## Work instructions
Images are not wanted; transcribe the rest of the listing exactly.

Start of The data

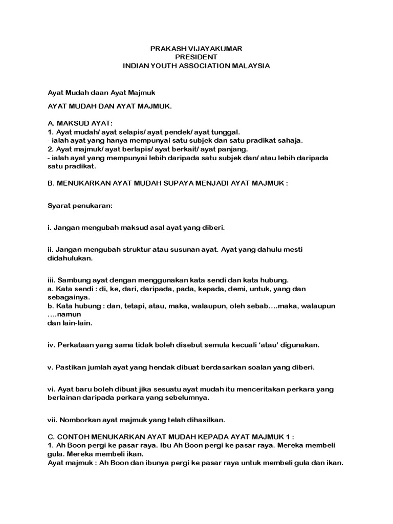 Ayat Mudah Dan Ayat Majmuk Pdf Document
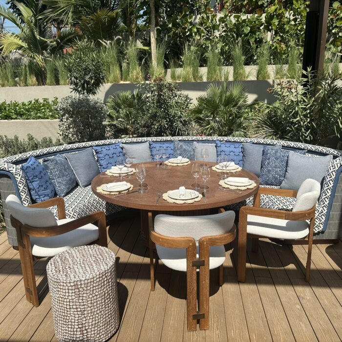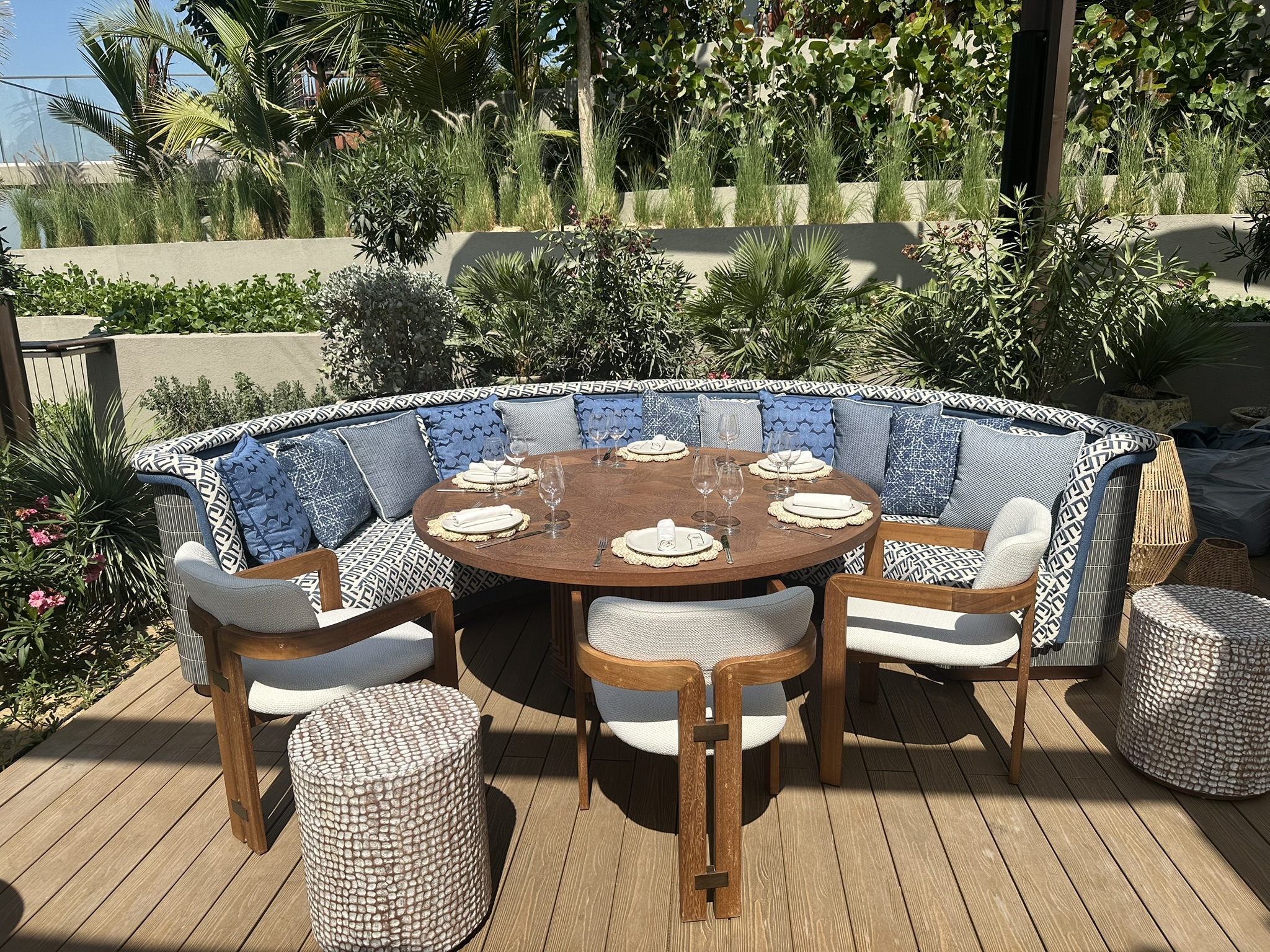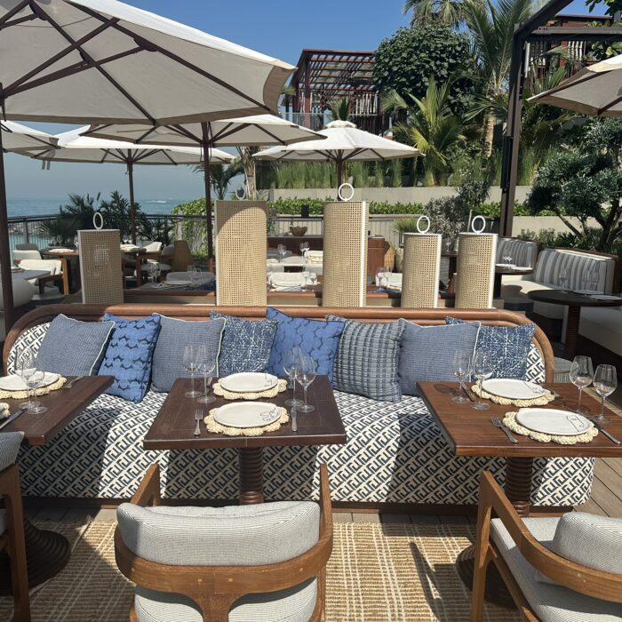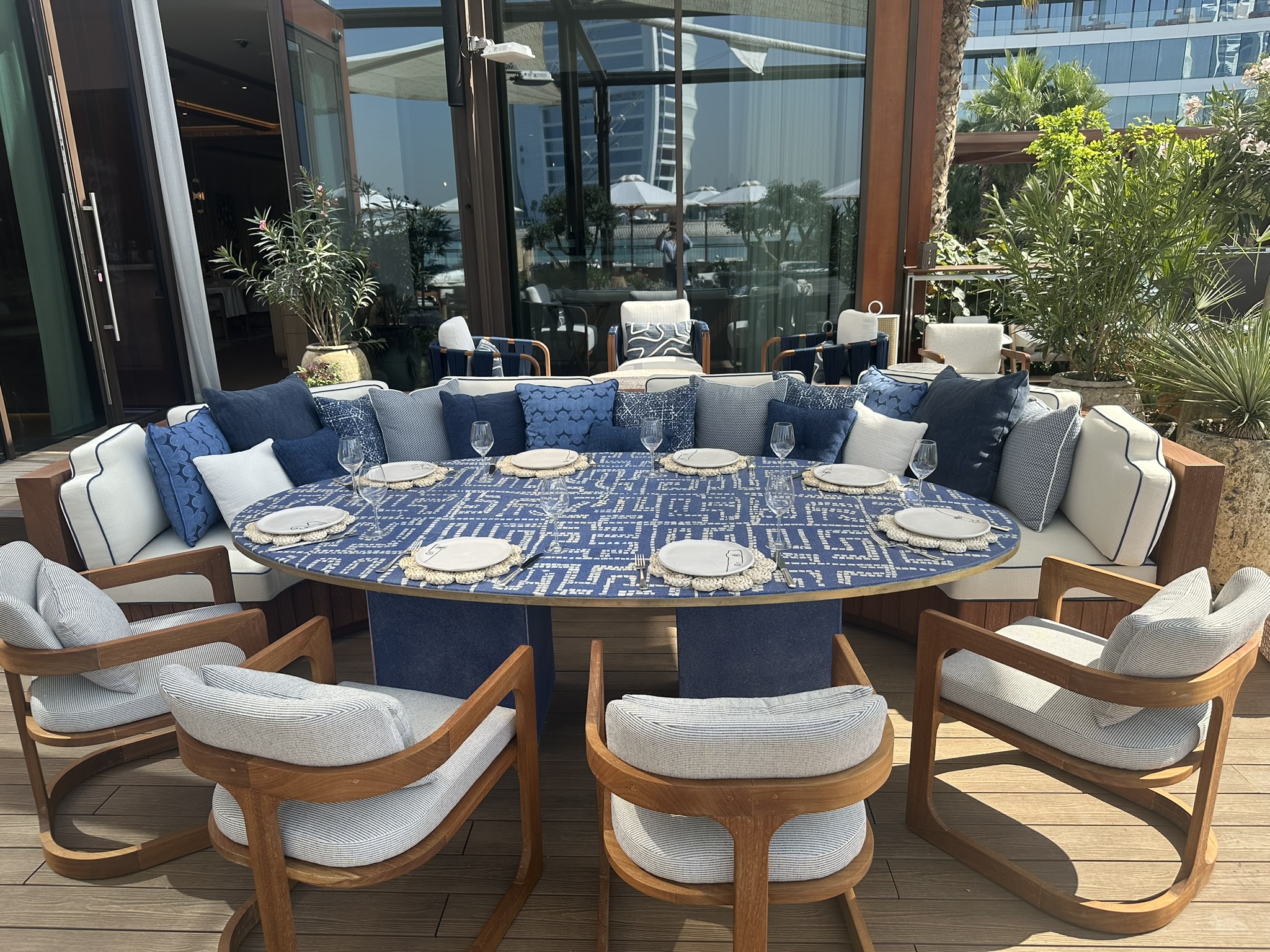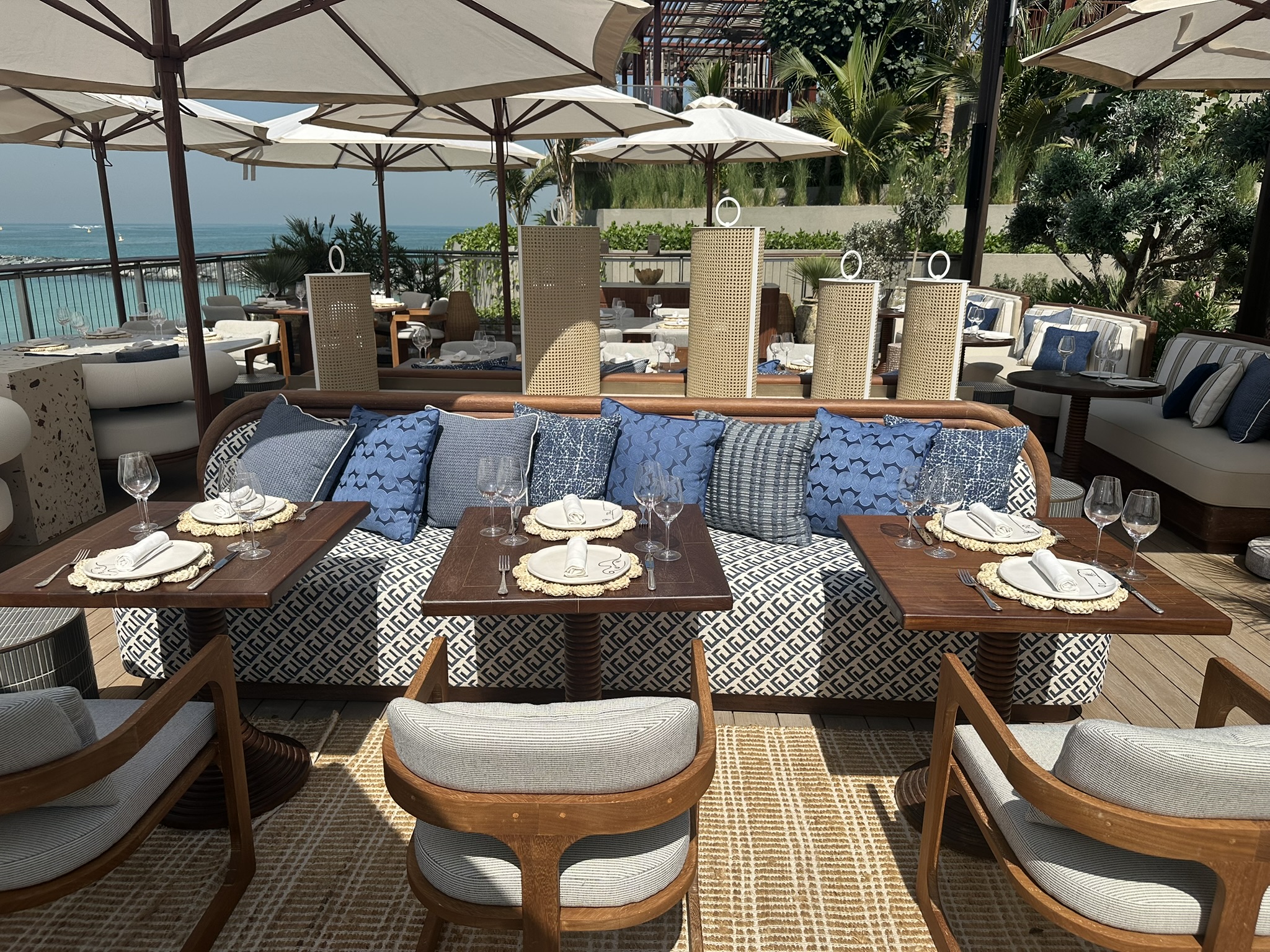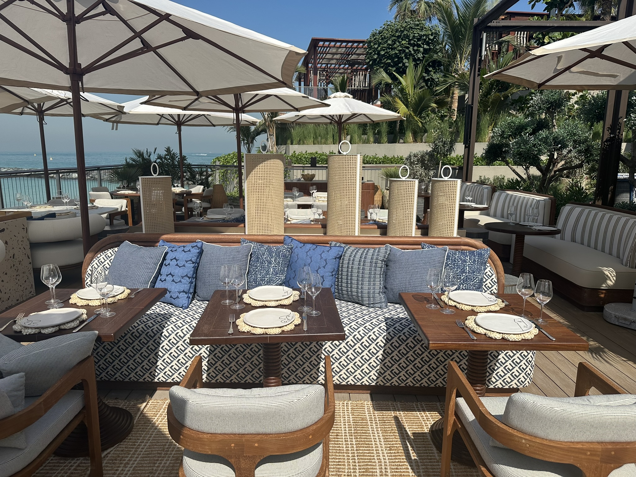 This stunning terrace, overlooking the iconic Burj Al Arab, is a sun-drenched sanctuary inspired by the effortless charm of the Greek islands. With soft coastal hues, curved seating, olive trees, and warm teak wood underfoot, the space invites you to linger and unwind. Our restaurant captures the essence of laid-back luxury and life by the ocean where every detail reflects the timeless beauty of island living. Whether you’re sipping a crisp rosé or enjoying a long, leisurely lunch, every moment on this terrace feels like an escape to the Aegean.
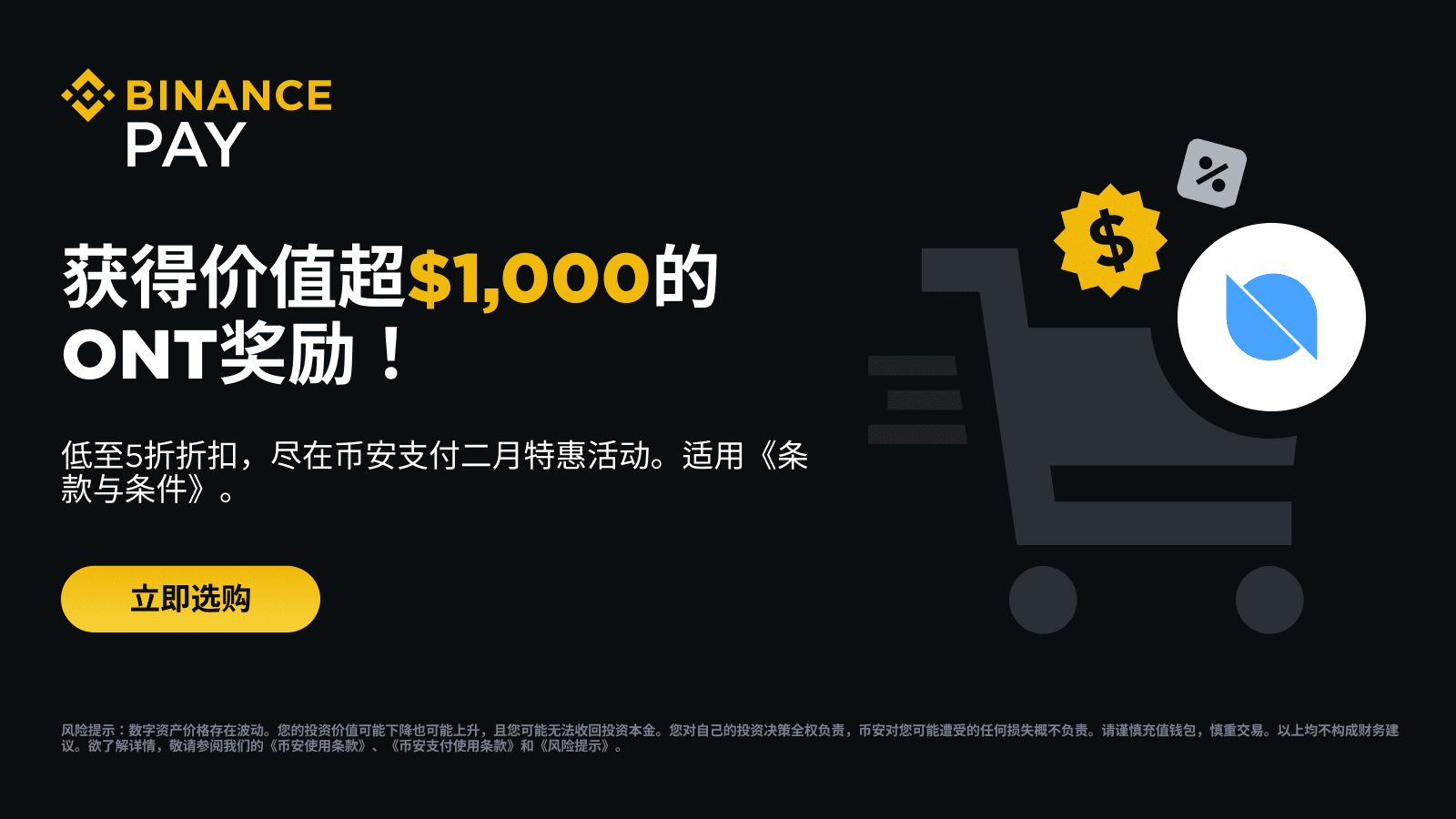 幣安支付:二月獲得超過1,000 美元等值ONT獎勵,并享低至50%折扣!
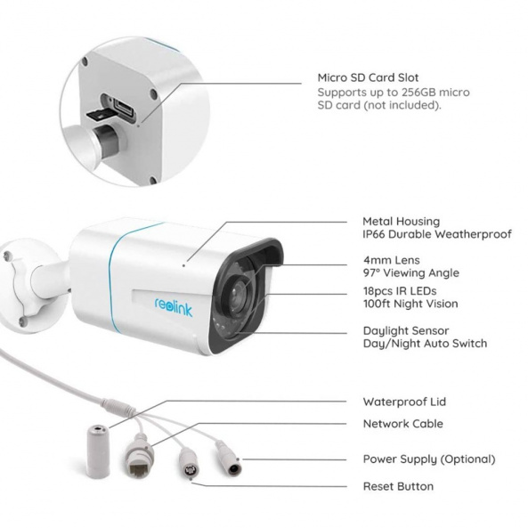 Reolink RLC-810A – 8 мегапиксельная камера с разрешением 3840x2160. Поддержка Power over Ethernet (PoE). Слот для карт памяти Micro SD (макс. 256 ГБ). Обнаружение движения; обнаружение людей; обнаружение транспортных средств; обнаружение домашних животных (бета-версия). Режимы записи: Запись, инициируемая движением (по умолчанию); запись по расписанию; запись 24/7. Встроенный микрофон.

End of The data

## Finished task
 Ayat Mudah Dan Ayat Majmuk Pdf Document
 This stunning terrace, overlooking the iconic Burj Al Arab, is a sun-drenched sanctuary inspired by the effortless charm of the Greek islands. With soft coastal hues, curved seating, olive trees, and warm teak wood underfoot, the space invites you to linger and unwind. Our restaurant captures the essence of laid-back luxury and life by the ocean where every detail reflects the timeless beauty of island living. Whether you’re sipping a crisp rosé or enjoying a long, leisurely lunch, every moment on this terrace feels like an escape to the Aegean.
 幣安支付:二月獲得超過1,000 美元等值ONT獎勵,并享低至50%折扣!
 Reolink RLC-810A – 8 мегапиксельная камера с разрешением 3840x2160. Поддержка Power over Ethernet (PoE). Слот для карт памяти Micro SD (макс. 256 ГБ). Обнаружение движения; обнаружение людей; обнаружение транспортных средств; обнаружение домашних животных (бета-версия). Режимы записи: Запись, инициируемая движением (по умолчанию); запись по расписанию; запись 24/7. Встроенный микрофон.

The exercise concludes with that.